NTSB investigators may not have traveled in support of this investigation and used data provided by various sources to prepare this aircraft accident report.
The airplane departed its home airport for a local flight. Radar data indicated that, about 9 minutes after departure, the airplane was at 7,400 ft mean sea level (msl) and had begun a left 270-degree turn. The last radar return, which was recorded about 1 minute later, showed the airplane about 1,100 ft msl, which correlates to an approximate 6,000 ft-per-minute descent. The airplane was found the following day floating on top of the water in a sound and was subsequently recovered. The pilot’s parachute pack was found deployed and partially wrapped around the propeller. The airplane’s canopy was not present; however, it was located several weeks later floating in the water. Postaccident examination of the airplane revealed no evidence of any mechanical failure or anomaly that would have precluded normal operation.

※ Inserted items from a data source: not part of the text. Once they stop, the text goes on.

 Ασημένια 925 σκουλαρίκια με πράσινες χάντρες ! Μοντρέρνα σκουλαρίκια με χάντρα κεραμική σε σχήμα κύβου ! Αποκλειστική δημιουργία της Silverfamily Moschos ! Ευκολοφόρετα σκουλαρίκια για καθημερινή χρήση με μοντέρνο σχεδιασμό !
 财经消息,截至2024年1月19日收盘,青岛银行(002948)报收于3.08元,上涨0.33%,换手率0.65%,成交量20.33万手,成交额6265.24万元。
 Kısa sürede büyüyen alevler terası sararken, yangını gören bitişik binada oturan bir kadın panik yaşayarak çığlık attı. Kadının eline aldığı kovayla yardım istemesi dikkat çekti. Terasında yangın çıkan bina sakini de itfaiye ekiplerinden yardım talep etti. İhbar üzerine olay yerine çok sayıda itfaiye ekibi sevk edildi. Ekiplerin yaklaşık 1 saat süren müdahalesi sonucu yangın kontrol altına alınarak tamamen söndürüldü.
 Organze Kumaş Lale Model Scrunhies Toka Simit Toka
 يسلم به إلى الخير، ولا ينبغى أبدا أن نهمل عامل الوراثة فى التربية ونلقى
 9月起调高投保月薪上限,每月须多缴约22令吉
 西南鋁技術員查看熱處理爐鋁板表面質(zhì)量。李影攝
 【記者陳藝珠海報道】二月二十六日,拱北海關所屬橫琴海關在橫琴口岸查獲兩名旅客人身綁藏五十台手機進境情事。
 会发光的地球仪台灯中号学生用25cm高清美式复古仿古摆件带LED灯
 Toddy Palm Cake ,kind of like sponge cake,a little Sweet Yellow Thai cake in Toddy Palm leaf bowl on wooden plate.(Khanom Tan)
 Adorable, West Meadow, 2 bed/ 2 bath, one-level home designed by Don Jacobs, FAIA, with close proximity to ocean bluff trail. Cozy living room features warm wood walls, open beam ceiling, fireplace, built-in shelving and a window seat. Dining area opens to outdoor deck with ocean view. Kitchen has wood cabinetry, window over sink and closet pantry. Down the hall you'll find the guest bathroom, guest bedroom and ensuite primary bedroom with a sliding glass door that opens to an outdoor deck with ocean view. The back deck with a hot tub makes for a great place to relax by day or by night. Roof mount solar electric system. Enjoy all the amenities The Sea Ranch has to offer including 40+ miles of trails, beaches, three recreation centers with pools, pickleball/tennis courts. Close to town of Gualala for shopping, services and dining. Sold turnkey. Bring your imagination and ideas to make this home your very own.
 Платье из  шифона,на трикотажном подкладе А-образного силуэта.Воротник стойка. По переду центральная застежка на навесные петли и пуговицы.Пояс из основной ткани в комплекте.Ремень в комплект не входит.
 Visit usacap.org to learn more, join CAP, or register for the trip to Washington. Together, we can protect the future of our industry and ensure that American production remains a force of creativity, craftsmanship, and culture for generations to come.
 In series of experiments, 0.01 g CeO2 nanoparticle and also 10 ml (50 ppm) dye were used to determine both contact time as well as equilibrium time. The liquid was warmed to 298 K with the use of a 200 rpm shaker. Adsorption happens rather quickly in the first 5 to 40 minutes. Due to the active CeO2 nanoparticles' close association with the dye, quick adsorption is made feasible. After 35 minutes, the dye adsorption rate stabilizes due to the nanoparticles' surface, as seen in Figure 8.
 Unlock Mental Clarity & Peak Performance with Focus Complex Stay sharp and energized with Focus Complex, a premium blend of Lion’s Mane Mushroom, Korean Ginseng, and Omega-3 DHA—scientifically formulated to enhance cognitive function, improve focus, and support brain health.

The airplane’s calculated center of gravity (CG) was about 3 inches beyond the aft CG limit, which likely induced longitudinal instability and led to a subsequent deep, unrecoverable stall. The canopy examination and the as-found condition of the parachute pack indicated that the canopy was likely opened in flight. Therefore, the pilot likely recognized that the stall was unrecoverable and attempted to bail out of the airplane but was unsuccessful.
Although toxicology testing showed that the pilot had used marijuana at some time before the accident, the low levels detected in the pilot’s specimens indicated that he was not likely significantly impaired by its use at the time of the accident.